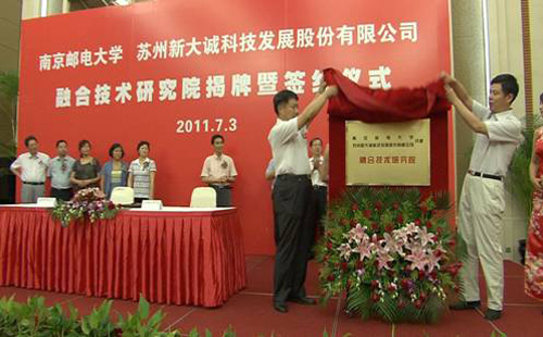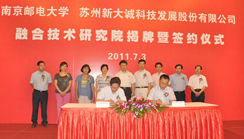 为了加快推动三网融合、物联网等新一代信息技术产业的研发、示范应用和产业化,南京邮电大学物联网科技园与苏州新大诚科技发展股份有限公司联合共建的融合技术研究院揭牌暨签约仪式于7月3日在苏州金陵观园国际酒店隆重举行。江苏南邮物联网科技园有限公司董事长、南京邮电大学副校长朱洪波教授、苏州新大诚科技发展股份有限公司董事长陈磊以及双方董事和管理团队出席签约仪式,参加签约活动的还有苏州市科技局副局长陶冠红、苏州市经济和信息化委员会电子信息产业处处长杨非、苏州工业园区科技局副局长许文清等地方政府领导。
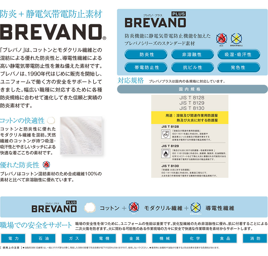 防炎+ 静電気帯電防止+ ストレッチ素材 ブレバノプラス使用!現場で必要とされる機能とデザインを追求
...
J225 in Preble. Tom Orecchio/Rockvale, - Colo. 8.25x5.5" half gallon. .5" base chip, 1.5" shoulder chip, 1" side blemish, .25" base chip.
==
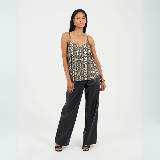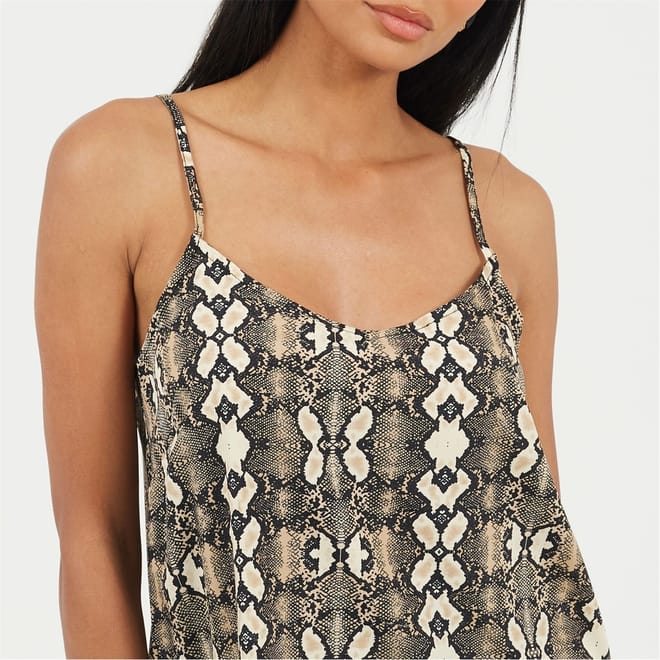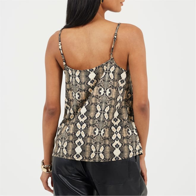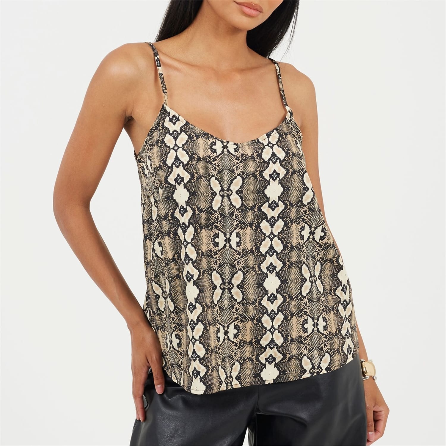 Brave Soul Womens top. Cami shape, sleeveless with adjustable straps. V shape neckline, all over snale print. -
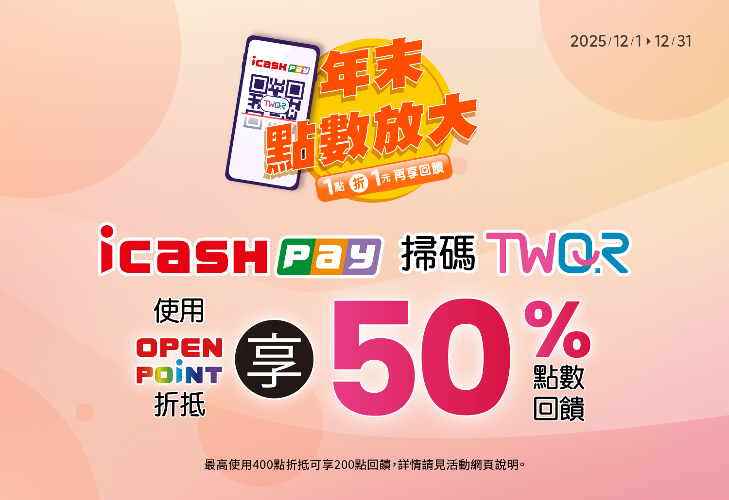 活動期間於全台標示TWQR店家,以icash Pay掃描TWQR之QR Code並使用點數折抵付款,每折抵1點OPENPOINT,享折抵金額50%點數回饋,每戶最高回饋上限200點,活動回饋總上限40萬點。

— WHAT YOU HAVE TO DO —
Those lines of the records above that run from the one containing "为了加快推动三网融合、物联网" through the one containing "防炎+ 静電気帯電防止+ ストレッチ素材" should be returned exactly, with no pictures among them.

— RESULT BELOW —
 为了加快推动三网融合、物联网等新一代信息技术产业的研发、示范应用和产业化,南京邮电大学物联网科技园与苏州新大诚科技发展股份有限公司联合共建的融合技术研究院揭牌暨签约仪式于7月3日在苏州金陵观园国际酒店隆重举行。江苏南邮物联网科技园有限公司董事长、南京邮电大学副校长朱洪波教授、苏州新大诚科技发展股份有限公司董事长陈磊以及双方董事和管理团队出席签约仪式,参加签约活动的还有苏州市科技局副局长陶冠红、苏州市经济和信息化委员会电子信息产业处处长杨非、苏州工业园区科技局副局长许文清等地方政府领导。
 防炎+ 静電気帯電防止+ ストレッチ素材 ブレバノプラス使用!現場で必要とされる機能とデザインを追求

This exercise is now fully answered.